Nearly six million murdered, most of them as industrial products – not by coincidence, but by political decision and after strict administrative preparations adhering to legal and political formulations of what was needed.

Today, a whole lifetime after the war, the Holocaust has been reduced into numbers and summaries: Who killed whom? Who were perpetrators, who were the victims?

Nearly six million murdered, most of them as industrial products – not by coincidence, but by political decision and after strict administrative preparations adhering to legal and political formulations of what was needed: The booking of train services and transport wagons – not first, second or third class carriages – cattle transport wagons would suffice. Equipping soldiers, recruiting assistants, some paid, some volunteering.

All arrangements regarding wagons and departure times were also in place when the Nazi occupiers in Copenhagen prepared to send Jews in Denmark away – South, East, in principle just away, completely away. The Danish State Railways had organized the connections, indicated where and when the train from Jutland needed to stop along the way. An unknown number of people must have known about the booking of this train. Others have noticed that the ship “Whateland” was docked in Copenhagen in the last days of September 1943 and people must have been wondering what kind of transportation was going to take place.

“On that day my childhood was over,”

Today, the wagons and the ship are part of this story, the story known in Denmark as “October ’43” – the story of the fate of Danish Jews.

In retrospect, it is, at the same time, one of the darkest chapters in Danish history as well as a stellar moment.
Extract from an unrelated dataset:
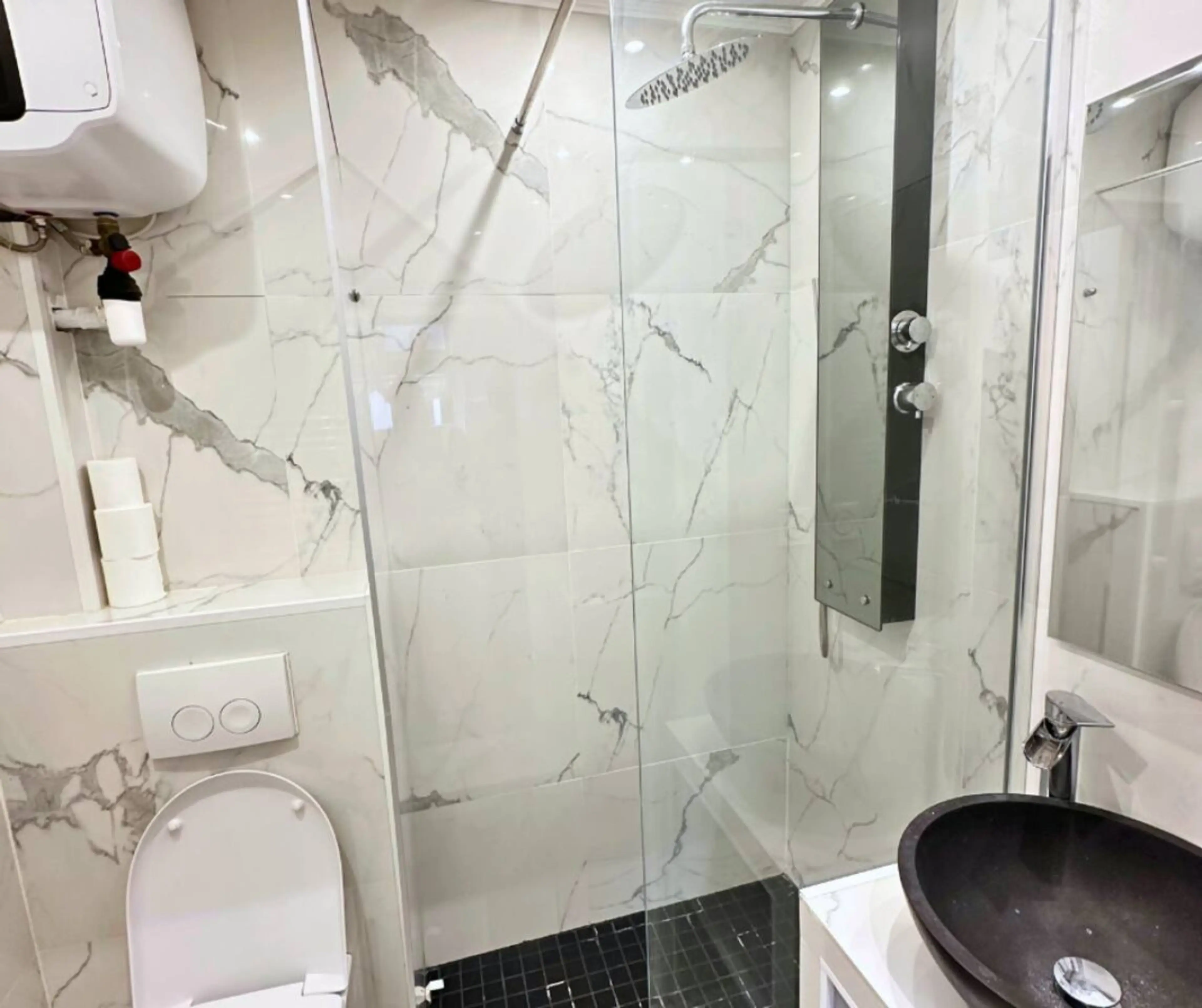 Negative: no funcionaba el agua caliente en la ducha y no había como hervir agua

A few days before October ‘43 the principal of Ordrup High School had been knocking on the door of several classes in the middle of their lessons and had asked students of Jewish origin come with him. “On that day my childhood was over,” one of the students, the editor Herbert Pundik, wrote later. Before that day, he was just one of the boys. On this day, at this moment, he was the chosen one, the different one, and the one who was asked to find his parents and get away. Why? Ask the occupation authorities; ask Hitler. The train was booked and the “Whateland” at the quay in Copenhagen.

More than 95 percent – statistics again – of Danish Jews managed to flee to Sweden, a unique event in the history of the Holocaust.

A dark chapter? Werner Best, the Nazi plenipotentiary, had decided that the night between October 1 and 2 should be the night for the Gestapo to knock at the doors of all Jews and take them away.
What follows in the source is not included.